Saturday, April 16, 2011

168: The Spirit of the Beehive

Having just completed my entry on Kes (1969; #169) I was struck by the fact that I chose a movie with so much similarity to follow it up.  This is coincidence of course, as I have little more than the 1001 text and the netflix summation to work from as far as preconceptions of the remaining films.  While I could do more research, I prefer to go into them knowing as little as possible at this point.  It makes the surprises so much richer, and indeed I was rewarded in spades with Victor Erice’s The Spirit of the Beehive (1973).  I write that this film is similar to Kes because they appear to entail similar themes, ostensibly at least.

            Both are films which center on children and the secret worlds they inhabit when away from the watchful eyes of adults.  I wrote that a weakness of Kes was its having lost itself between being a “coming of age” story and several other genres.  Ironically, this same enigmatic trait is one of the strengths of Erice’s picture.  Set in Spain “around 1940” the film tells us, it is the story of a family, but a dreary family drama it is not.  There are issues which boil beneath the surface within these familial relationships, but not all of them are addressed by the movie.  Some simply exist.  The central relationship is that of the two young daughters, one only a year or two older than the other, but eons wiser as far as children are concerned.

            After a screening of Frankenstein (1931) in their small village, the younger asks the elder about the famous sequence which leads to the drowning of the young girl and the eventual demise of the creature.  Neither really understands the implications of the flowers floating in the pond or the message about playing God that the film implies.  Still the older sister, Isabel (Isabel Telleria), tells the younger, Ana (Ana Torrent), that she has seen the spirit of Frankenstein’s monster, and knows where he resides.  One of the elements that so richly adds to the tone of this film is the way in which Erice captures how children react to the movies.  The boys and girls of the village are both captivated and horrified by the picture they’ve seen, and the director displays this, as its story slips into the mythology of their own play.

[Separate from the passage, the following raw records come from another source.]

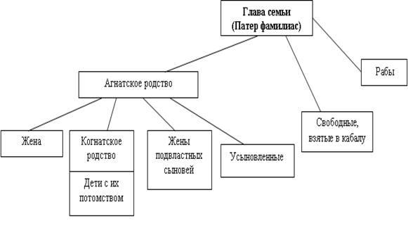 . Не признавались ими не эманципированные (освобождённые от власти римского главы семьи patria potestas, утратившие агнатскую связь), не другие когнаты (от лат. cognatus – кровный родственник; кровные родственники по мужской или женской линии, не находившиеся под властью главы данной семьи).
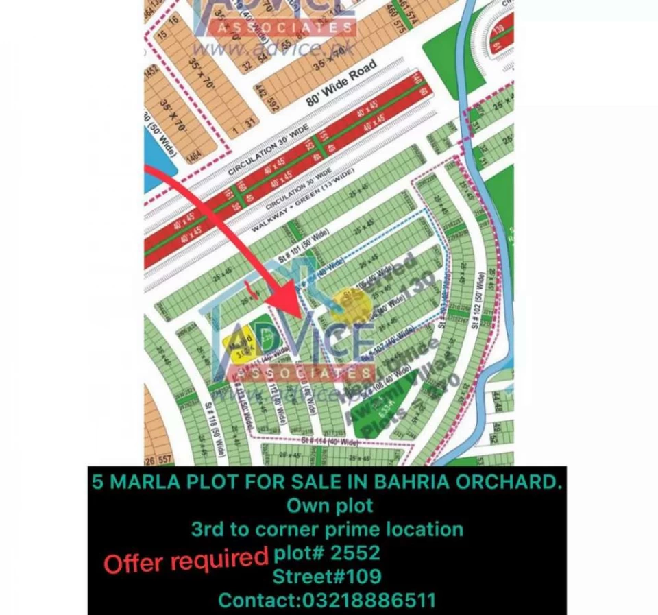 Residential and commercial plots avaiable at behria orchad islamabad
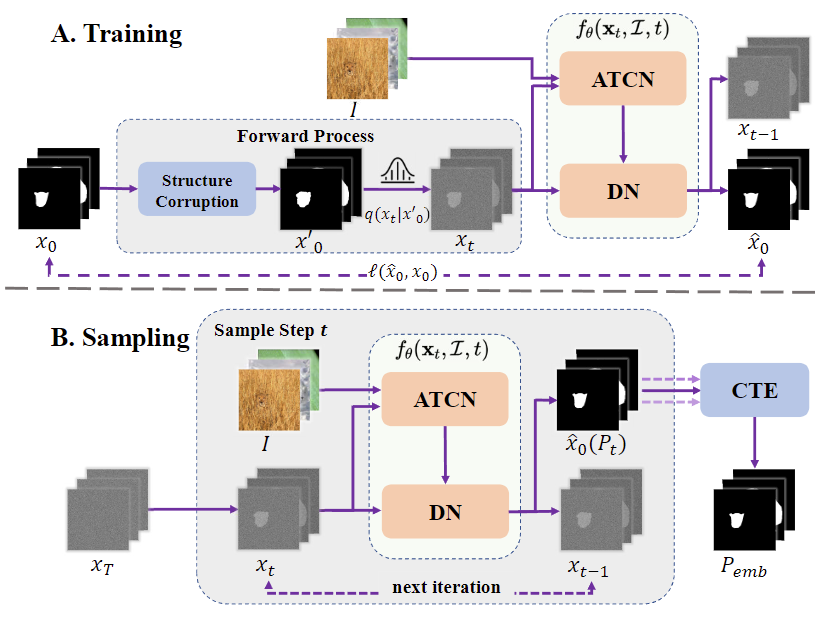 本文提出了一种基于扩散模型的伪装目标检测方法(CamoDiffusion)。该方法解决了伪装目标检测中伪装对象边界混淆和过度自信的错误预测问题。首先,从标准正态分布中采样的噪声图像被用作初始分割预测。然后,通过提出的自适应Transformer条件网络动态提取图像特征,并结合多尺度机制将粗粒度到细粒度的特征进行全面融合,得到伪装图像特征。接下来,去噪网络结合所提取的特征,从初始噪声掩膜开始,结合多尺度特征和时间步,输出细化后的分割图像。去噪扩散模型的训练使用了交并比损失和二元交叉熵损失。在测试阶段,通过重复去噪操作,得到一个精细的特征图。此外,本研究还设计了一种新的加噪策略(对轮廓进行破坏),引入了结构级别的噪声,并提出了新的融合策略,以有效利用不同时间步的预测结果。实验结果表明,与其他伪装目标检测模型相比,本文的模型取得了更好的效果。
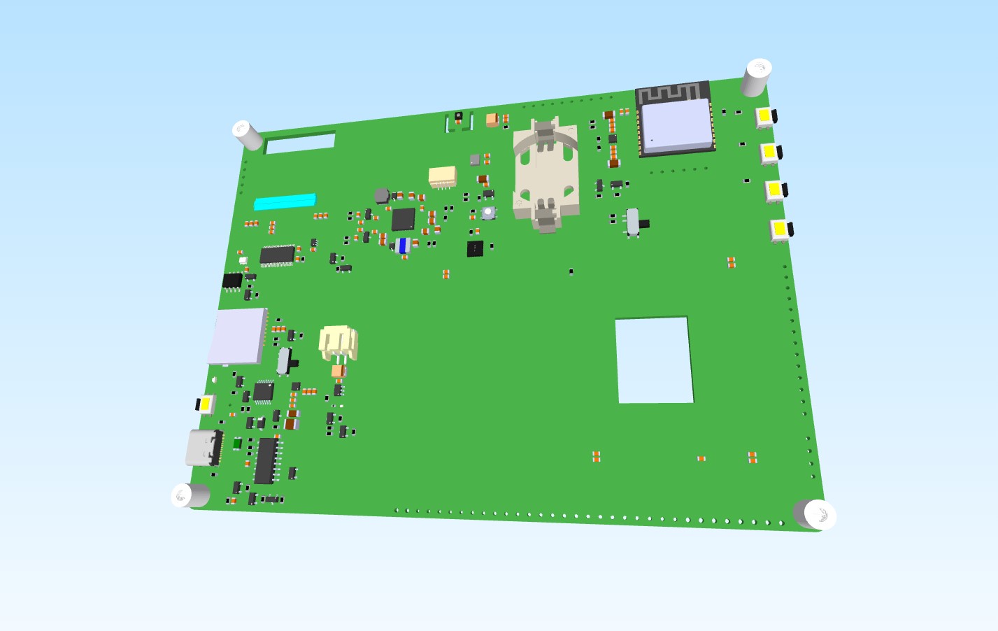 A 3D model of the PCB is available in .step format, allowing you to inspect the board design in CAD software.
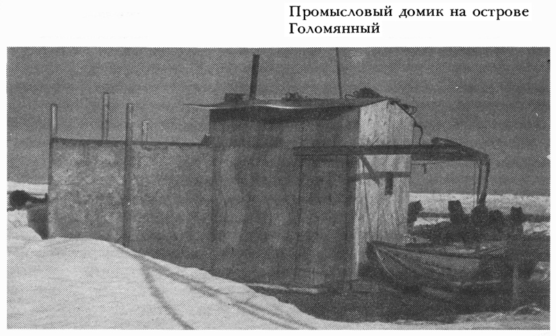 Дни убывали быстро, близилась четырехмесячная полярная ночь. Прижатые к острову льды так и не отогнало. Море замерзло на всем видимом пространстве. При нажимных юго-западных ветрах лед острова сильно торосило, и вскоре тут образовался десятиметровый вал. Со стороны нашей базы, у дома, все было спокойно. Здесь мы защищены с востока вторым островом, названным нами Средний. К северу от нас, как выяснил Журавлев, есть еще остров, названный им Голомянный, то есть наружный, внешний. У северного мыса этого острова проходило сильное течение, которое в прилив разводило льды, образуя широкие полыньи, где всегда держались нерпы, а значит, и медведи. Там Журавлев собирался построить промысловый домик.
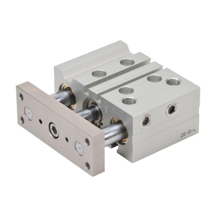 NITRA pneumatic air cylinder, dual guide rod, 20mm bore, 20mm stroke, double acting, magnetic piston, universal mount.
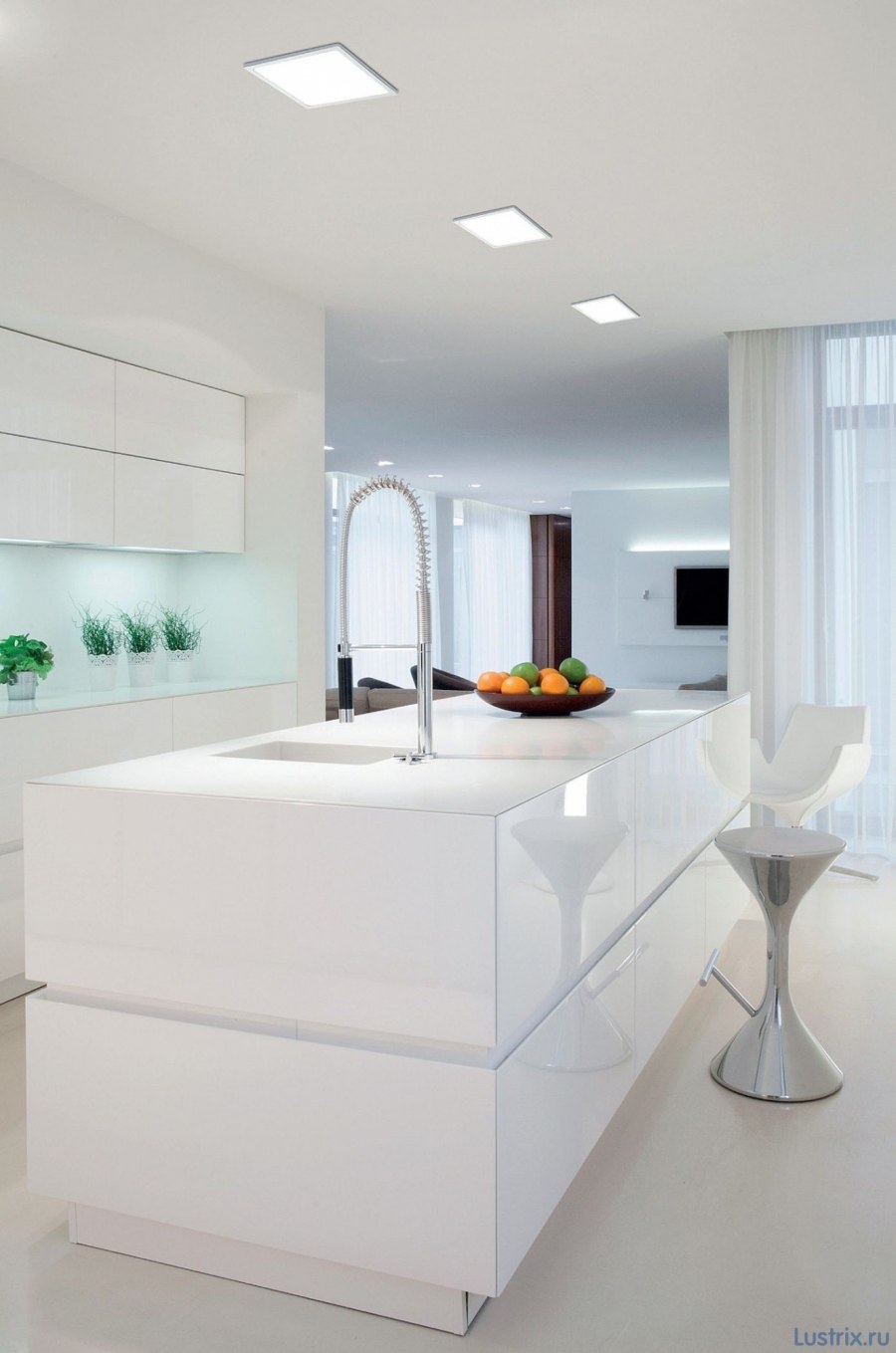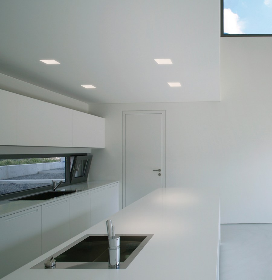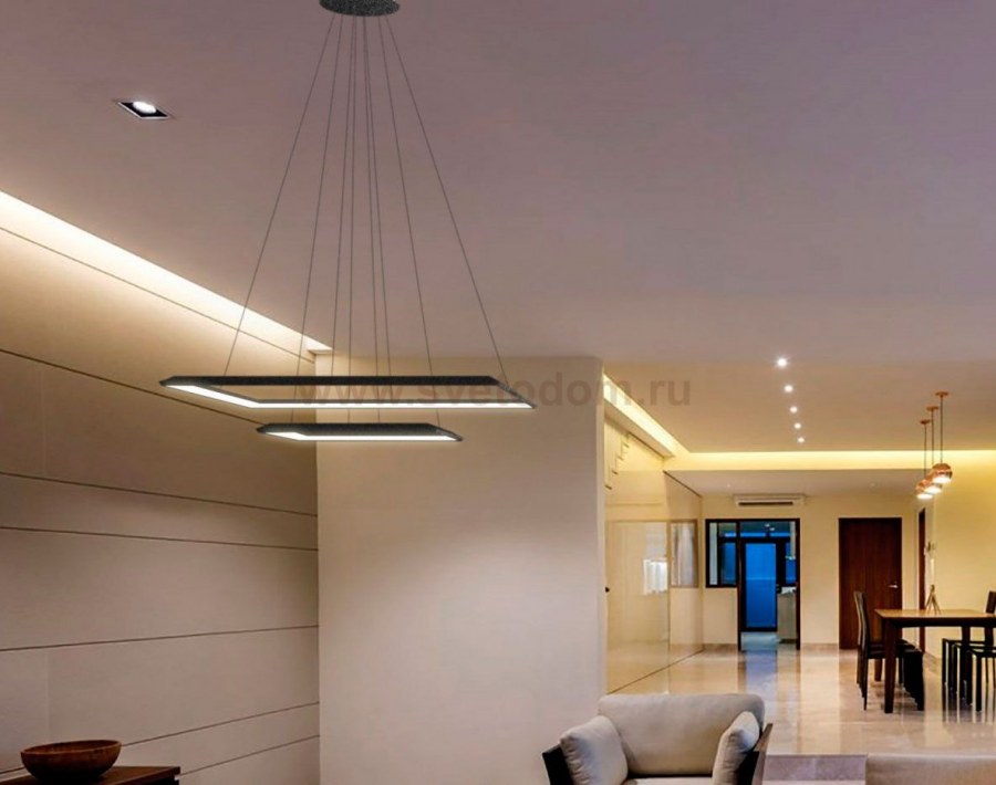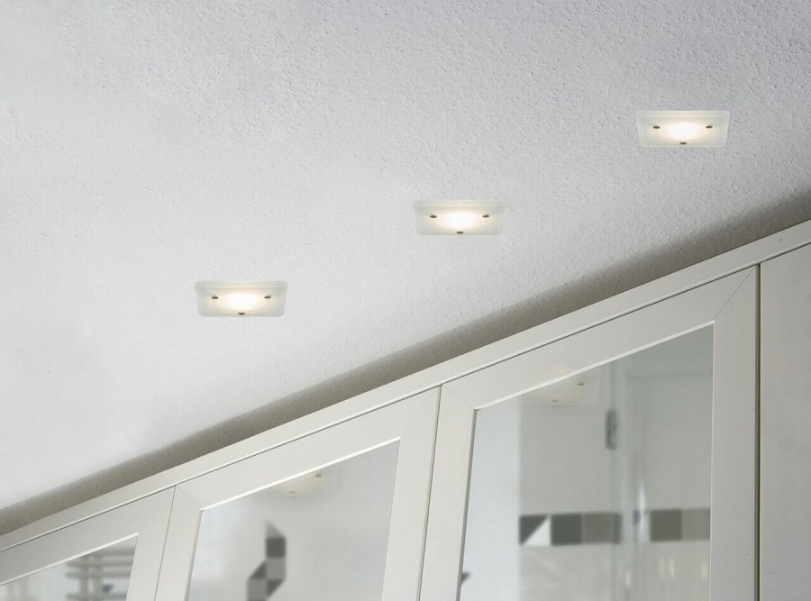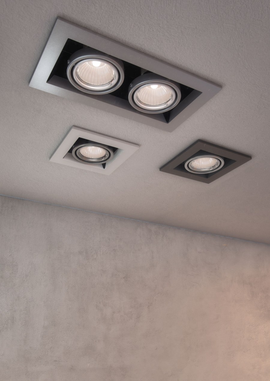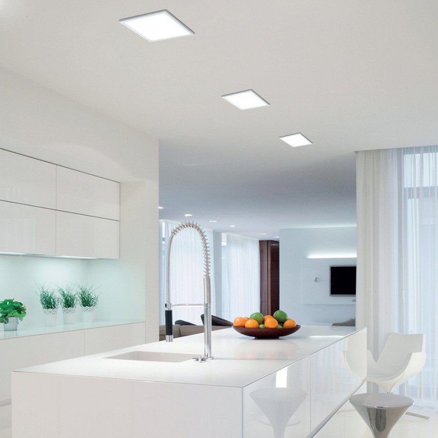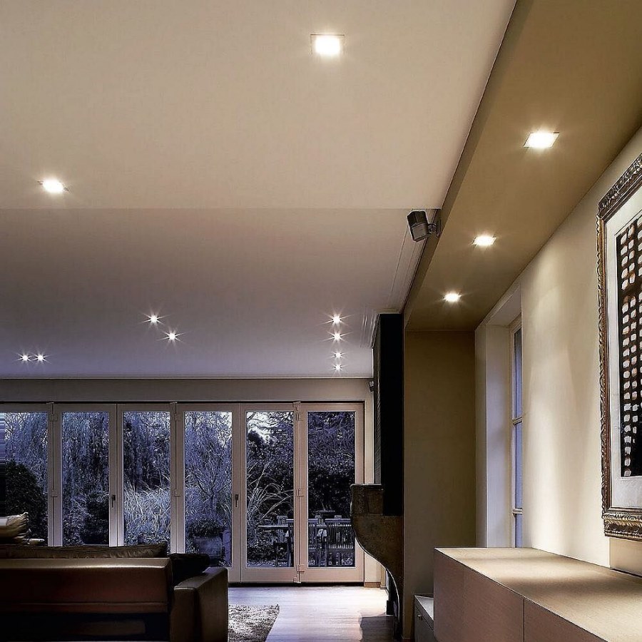 Квадратные встроенные светильники на натяжной потолок в интерьере (52 фото)

            Simultaneously, a political fugitive (who may or may not have been the lover of the girls’ mother) takes refuge in the same abandoned farmhouse where Isabel claims she has seen the spirit of the creature.  When Ana sneaks away in the night to search for him she comes upon the man, believing him to be Frankenstein’s monster.  This scene is brilliant, as almost silently it pays homage to the scene in the 1931 film which set the plot in motion. 

            The beehive of the title references those kept by the girls’ father as he cultivates honey, and the clear visual likening to them which is created by the stained glass windows of the family’s home.  While the father is a naturalist, his daughters seem much more concerned with the supernatural, and the title and visual motif thus insinuate the presence of the “spirit” within the home, the family itself.  Not quite a fairy tail or a children’s movie and not quite a family picture, The Spirit of the Beehive might seem out of place in many sections of the average Blockbuster.  Yet it is a film with universal themes that can resonate with both younger and mature audiences, and is a surefire winner in the “classics” aisle.